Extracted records
- - - -

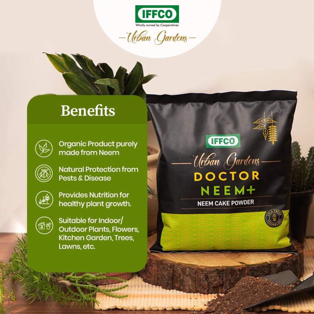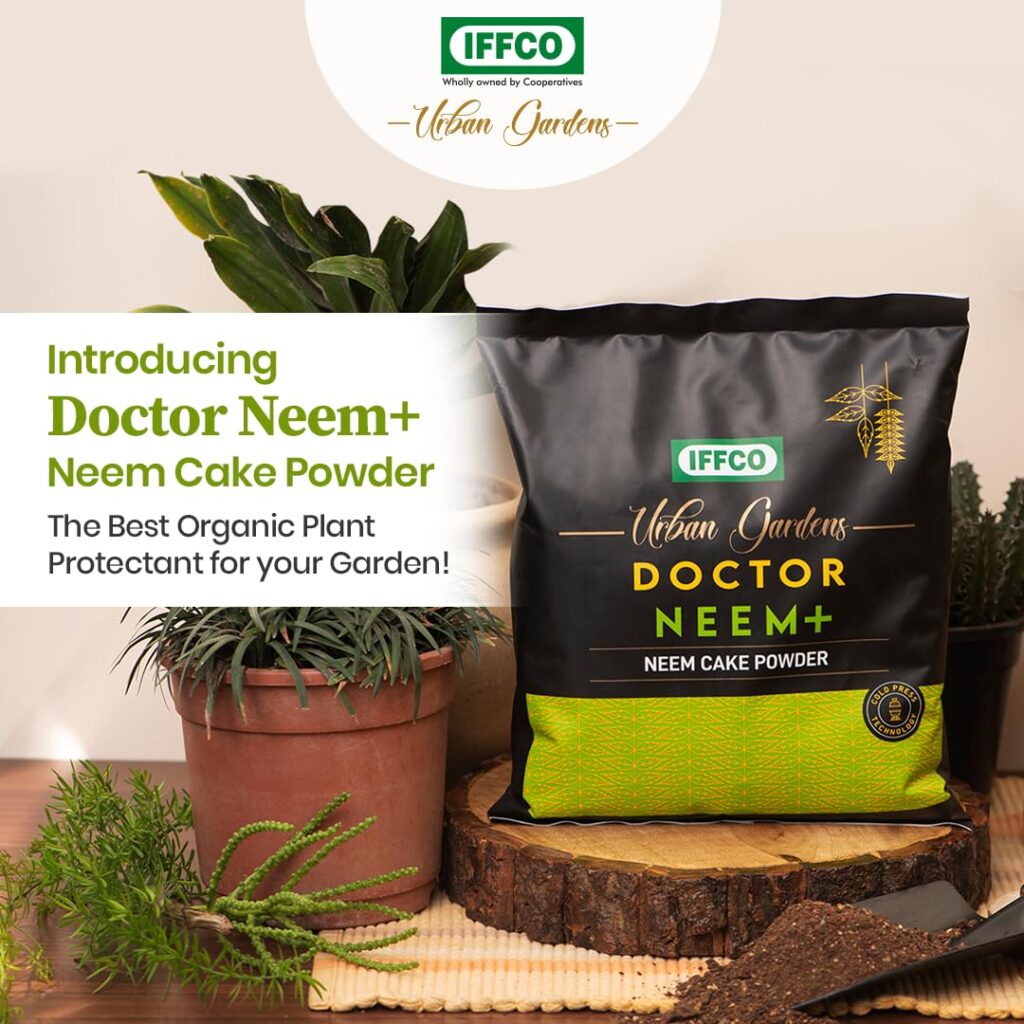 IFFCO Urban Gardens – Dr Neem+ Cake Powder/Neem Khali – 900gm – Extracted Through Cold Press Technology – Higher Azadirachtin & Neem Oil Content – Organic Fertilizer and Pest Repellent for Plants
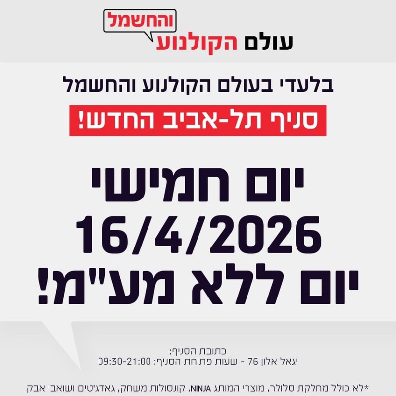 עולם הקולנוע והחשמל יום ללא מע"מ סניף תל אביב
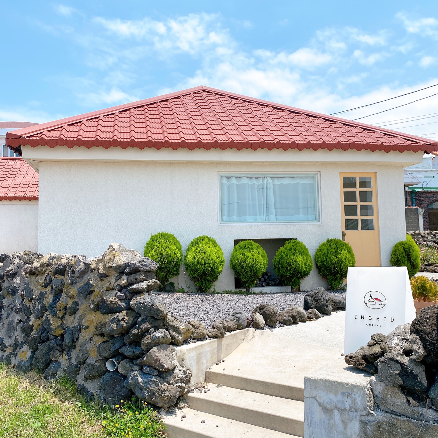 제주 바다색과 대비되는 빨간지붕이 눈에 띄는 아기자기하고 예쁜 카페가 바로 인그리드 카페입니다. 구멍이 송송 뚫린 제주 현무암 돌담을 넘으면 자그락거리는 자갈밭을 밟으면 작은 피크닉을 연상케하는 감성 야외 포토존을 만날 수 있습니다. 방문객이 많을 경우 줄을 서서 촬영을 해야하니 인생샷을 건지고자 하시는 분들이라면 가급적 일찍 방문하시는 것을 추천합니다.
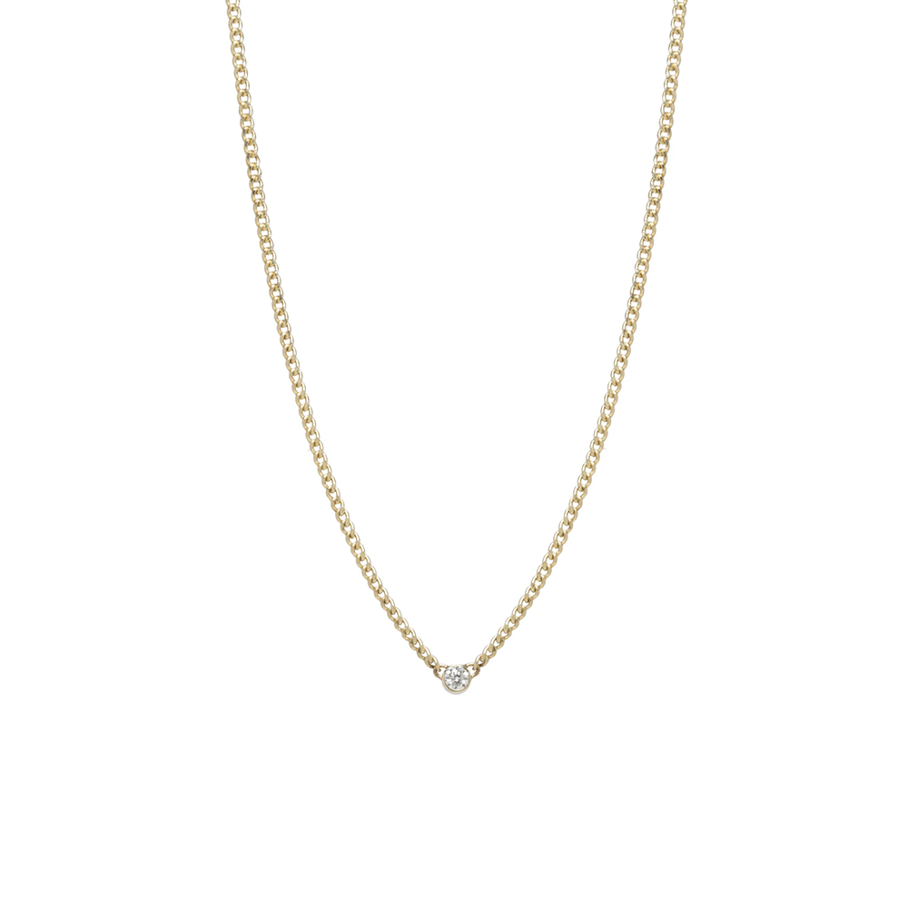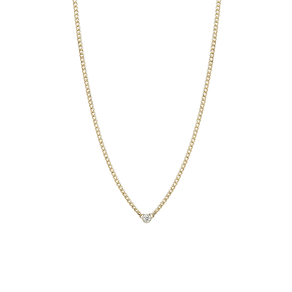 This Zoe Chicco extra small curb chain necklace is made of 14K yellow gold. The necklace is set with one 0.10 carat bezel set diamond. The chain is adjustable up to 16 inches.
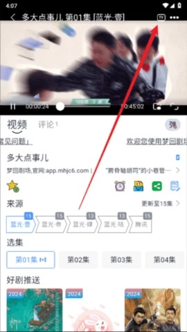1、进入视频后点击右上角TV
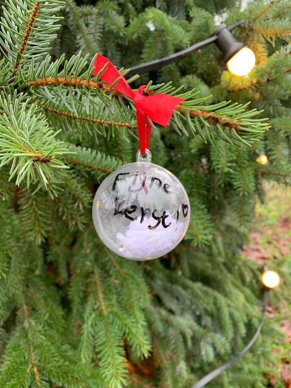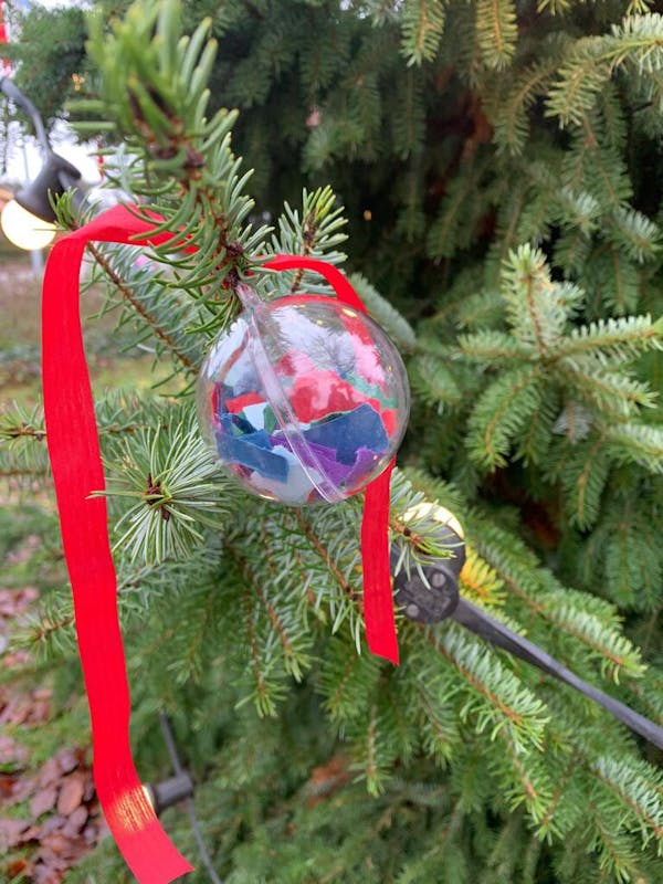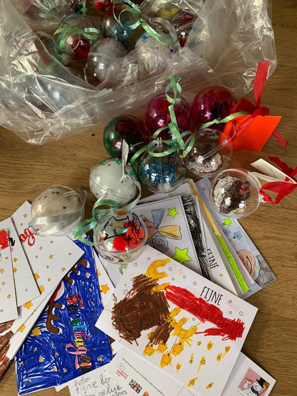 Op de doorzichtige kerstballen, uitgedeeld door de dorpsondersteuners Els en Niny, hebben ze hun creativiteit kunnen loslaten.

- - - -

Exercise instructions
Beginning with the first entry above, reproduce every line verbatim until the line with "עולם הקולנוע והחשמל", which is included too; omit pictures.

Exercise response
 IFFCO Urban Gardens – Dr Neem+ Cake Powder/Neem Khali – 900gm – Extracted Through Cold Press Technology – Higher Azadirachtin & Neem Oil Content – Organic Fertilizer and Pest Repellent for Plants
 עולם הקולנוע והחשמל יום ללא מע"מ סניף תל אביב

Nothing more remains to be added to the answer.